**Work instructions**
Everything in the listing except the pictures should be written out exactly.

**Data excerpt**
══════════

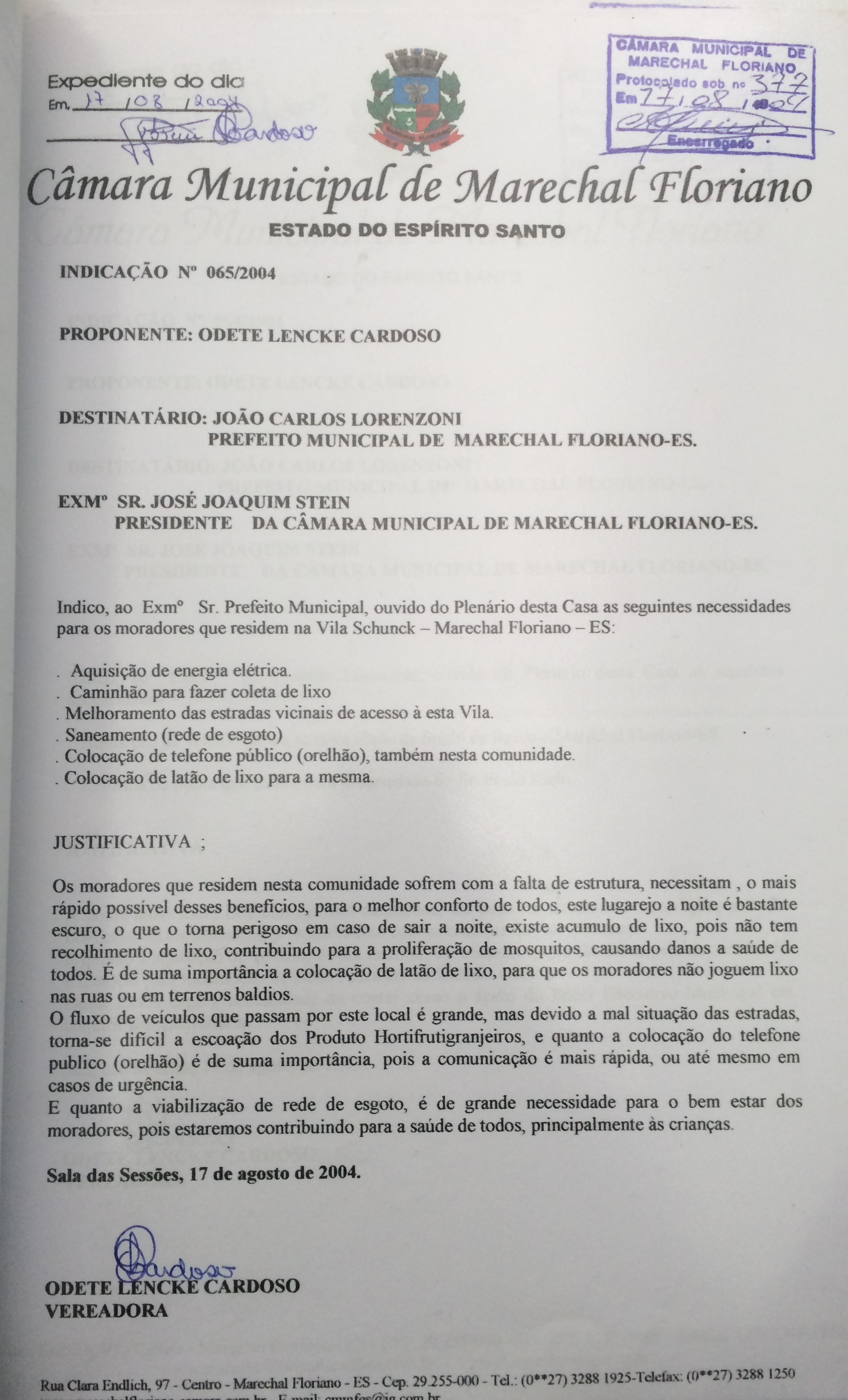 Ementa: INDICA AS SEGUINTES NECESSIDADES PARA OS MORADORES QUE RESIDEM NA VILA SCHUNCK - MARECHAL FLORIANO-ES:
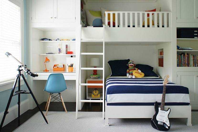 Можно создать двухъярусную комнату, где спальня располагается наверху. Однако это практически невозможно для хозяев современных тесных квартир, поэтому чаще выбирают двухъярусную кровать, которая позволяет сэкономить много места. Можно использовать раскладной диван или кресла.
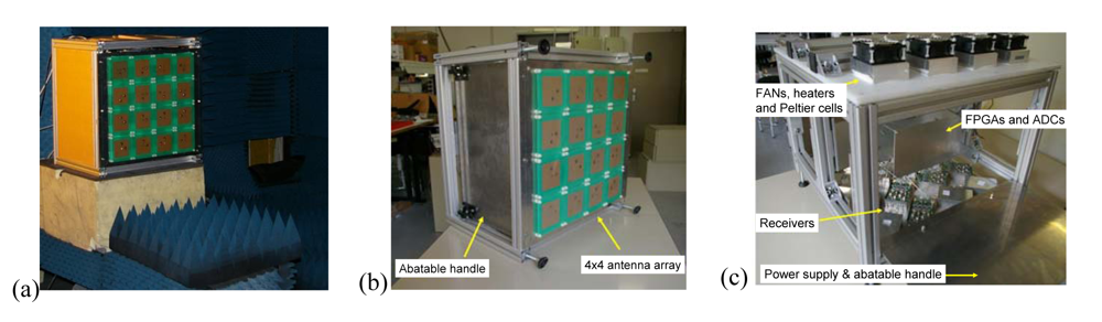 (a) PAU-Real Aperture without radome in UPC anechoic chamber for testing beamforming performance, (b) front view of the 4 × 4 element array, and (c) inside of the instrument showing the distribution of the dual-polarization receivers, FPGAs for data processing, and the temperature control.

══════════

**Exercise response**
 Ementa: INDICA AS SEGUINTES NECESSIDADES PARA OS MORADORES QUE RESIDEM NA VILA SCHUNCK - MARECHAL FLORIANO-ES:
 Можно создать двухъярусную комнату, где спальня располагается наверху. Однако это практически невозможно для хозяев современных тесных квартир, поэтому чаще выбирают двухъярусную кровать, которая позволяет сэкономить много места. Можно использовать раскладной диван или кресла.
 (a) PAU-Real Aperture without radome in UPC anechoic chamber for testing beamforming performance, (b) front view of the 4 × 4 element array, and (c) inside of the instrument showing the distribution of the dual-polarization receivers, FPGAs for data processing, and the temperature control.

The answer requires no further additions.